The swollen Mississippi River was pushing downstream at 10 times the speed of the Niagara Falls Saturday.
The Mississippi River is pictured flooding parts of downtown St. Louis, Mo., Dec. 31, 2015. (Photo by Kate Munsch/Reuters)
The Mississippi River is pictured flooding parts of downtown St. Louis, Mo., Dec. 31, 2015. 

The swollen Mississippi River was pushing downstream at 10 times the speed of the Niagara Falls Saturday, threatening more floods in rural southern Missouri and Illinois.

Two more levees along its course succumbed Friday, bringing to at least 11 the number of levee failures.
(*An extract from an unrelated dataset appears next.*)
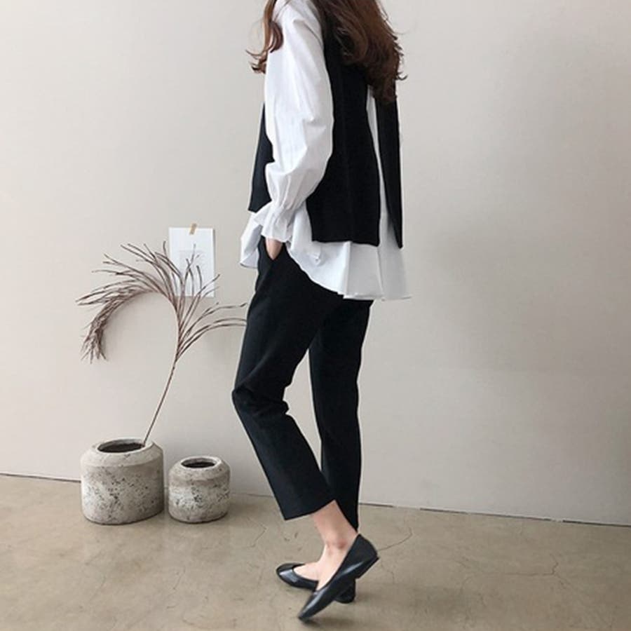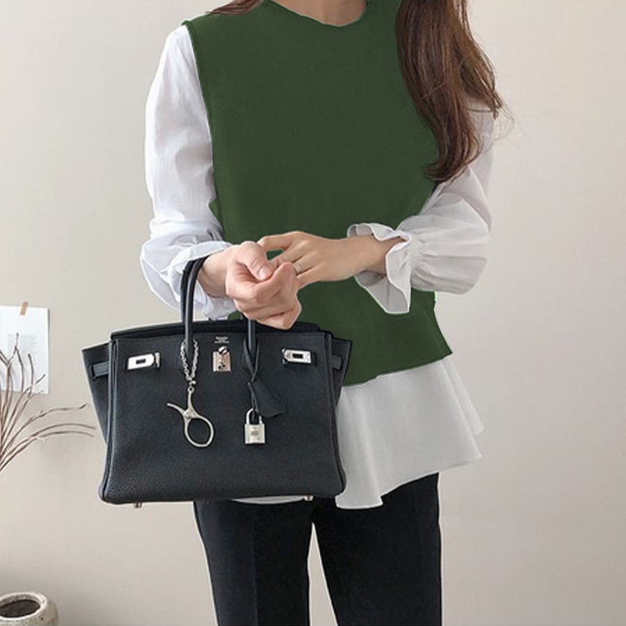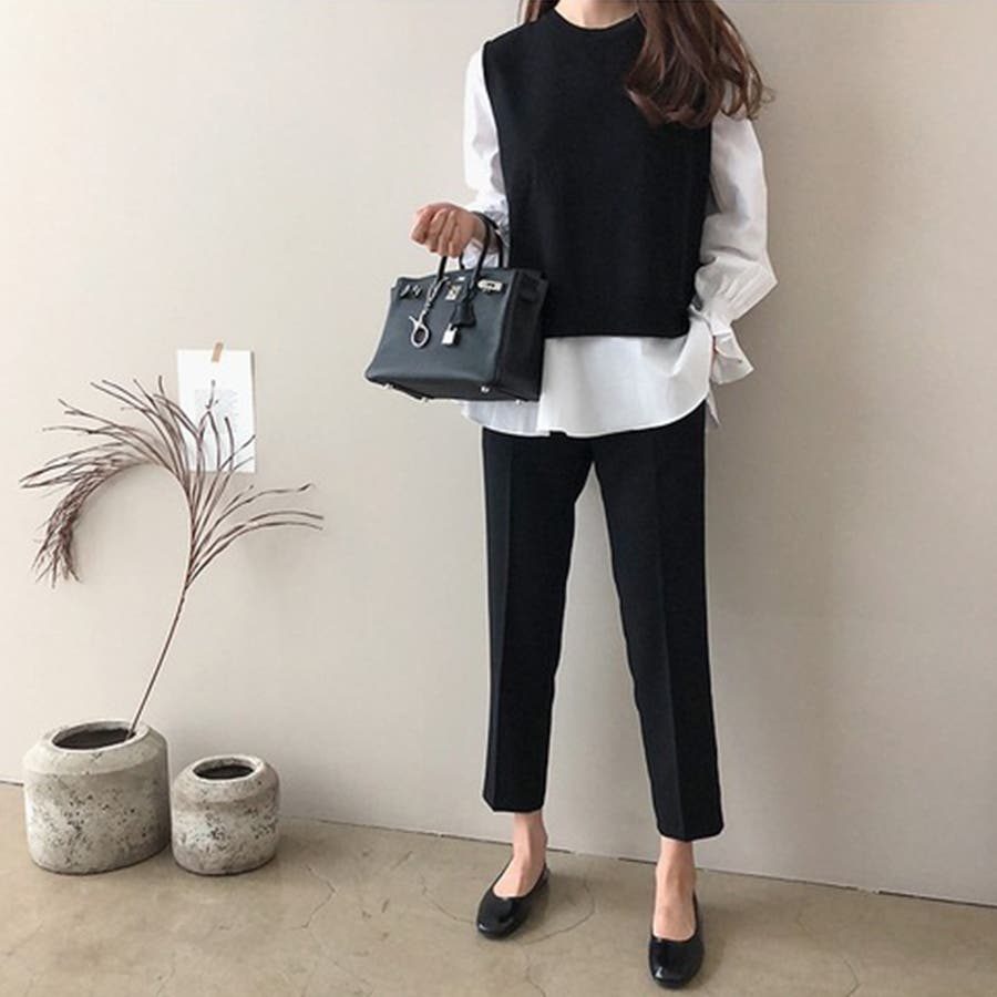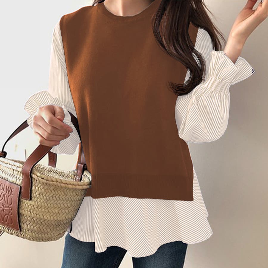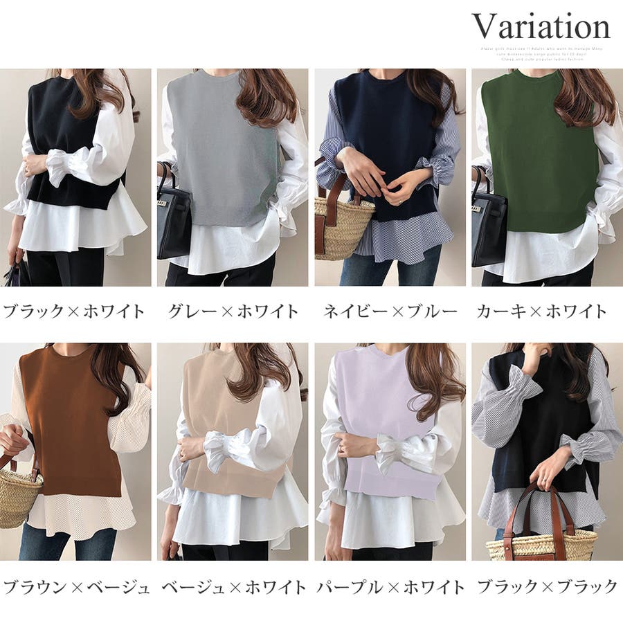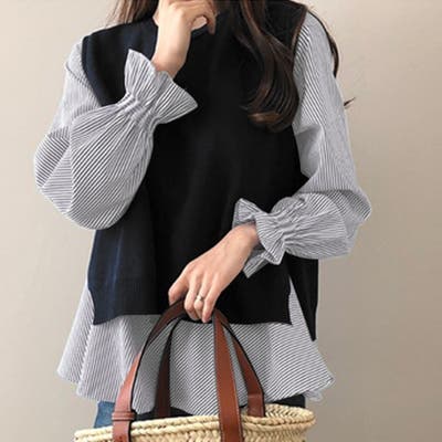 ニットベスト付きブラウス オフィス シンプル シャツ 秋 冬 レディース

In Arnold, Missouri, an estimated 150 homes were underwater.

The worst of the dangerous, deadly winter flood is over in the St. Louis area, leaving residents of several water-logged communities to assess damage, clean up and figure out how to bounce back — or in some cases, where to live.

The flood, fueled by more than 10 inches of rain over a three-day period that began last weekend, is blamed for 22 deaths. Searchers were still looking for five missing people — two teenagers in Illinois, two men in Missouri and a country music singer in Oklahoma.

"Our biggest concern is looking out for those who haven't evacuated," U.S. Coast Guard officer Nicholas Litchfield told NBC News.